Once you have your expected value + volatility, you feed this into your portfolio optimization model. There are many libraries in both R and Python for this, although the best solution will be from banging your head against a convex optimization textbook, grinding through the literature, and creating a custom optimizer.
This is in many ways why your research platform can make or break your performance as a quant team. If you handle data and automate deployment / execution, then all you need to do is create a formula / rule. You wouldn’t even need to write code, you could just have it parse the formula you type into a dashboard and generate the feature. These types of systems take years to build and are often highly custom.
Every night, I dream of having an incredibly comprehensive system like this. Alas, most people capable of building such things prefer to spend their time creating alpha so end up with far dirtier systems. Lucky for me, my current work doesn’t so much need a system like that as it is more about capturing nuance effectively.
This is where we present one of the best tools for doing things “eh good enough” - the RLS method. Ranked Long / Short (RLS) involves taking assets, ranking them on the alpha, then longing the top xx %, and shorting the bottom xx %.
For example:
Our alpha might be some metric, we calculate this metric for each asset, then we rank all assets on the metric. Our metric is mean 0, with a standard deviation of 1 since we z-score it. We calculate the 0.9 and the 0.1 quantiles. Then we use these quantiles as cutoffs to select our top and bottom 10%. Finally, we long all the assets in the top 10%, and short all the assets in the bottom 10%. We get the below result using an assumption of top-taker fees, and a roughly accurate value for spreads (we only use top 10-20 liquid assets otherwise our spread assumptions are either way too conservative or too liberal depending on which assets are in the portfolio at that time). We also volatility adjust in both the upper and lower deciles. We could use the top/bottom 20%, 5%, etc but 10% works fine here. I’m not revealing the metric, but keep experimenting and you may find it :)
What about prediction? Well, the graph shown below is effectively what we assume when we use the RLS method. We draw a cutoff at xx % since our EV must beat fees plus some risk premium for us to do well. Linear is true in most cases, but if it isn’t linear then we can also fix that easily.
What if the relationship between the value of my alpha and the expected value (EV) of the asset in the future looks more like this (not so linear):
In this case, we can just take the absolute value of our feature, and we get back to the original straight line. You may wonder “what if the low value is 5, and the high value is 50? Doesn’t that give me the same result?” (5 and 50 are arbitrary what matters is that both are positive).
The reason taking the absolute value works is that you can always z-score your features. If you do this, your low is negative and your high is positive, both to equal degrees. Taking the absolute value puts your low at 0, and high at some positive number (you could z-score it again, but there isn’t a real reason in my view), either way, you get back to the original image once again.

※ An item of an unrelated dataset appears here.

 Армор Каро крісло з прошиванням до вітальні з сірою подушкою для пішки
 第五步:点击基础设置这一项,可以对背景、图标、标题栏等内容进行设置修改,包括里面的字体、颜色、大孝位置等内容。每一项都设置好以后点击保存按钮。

The arguments against RLS are not from its inability to adapt to non-linearity, you can usually embed that in your feature by changing the formula. The main drawback is actually the excessive turnover the model creates.
Let’s look at an example:
Say I have a long / short portfolio that currently is expected to deliver 14 basis points over the next hour. My cost to transact is ~3.5 bps for futures if I have top taker fees (1.53 * 2 for fees + round it off to 3.5 to account for spread). If getting the new best portfolio requires me to turnover my portfolio on both legs, then I see an increase in costs of 7 bps relative to my current portfolio. I pay 3.5 bps to get flat on both my long and short side, then another 3.5 to get long and short on the new portfolio. Pricey.
We assume that there are 16 basis points of edge in the new portfolio. Standard RLS would say switch. This is because it has no concept of transaction costs. If it did consider transaction costs then it would not switch since we go from 14 bps to 9 bps (16 - 7) which is -EV relative to our current position.
We can of course improve this by using a method I call Optimized RLS (ORLS) this is a trick I came up with that I decided to name all of a sudden. It is a bit more complicated and requires you to pull out a bit of ML, but if you are just using linear regressions (my recommendation) it won’t be much harder. We use our regression to get a quick forecast, finding the relationship between the metric and the EV.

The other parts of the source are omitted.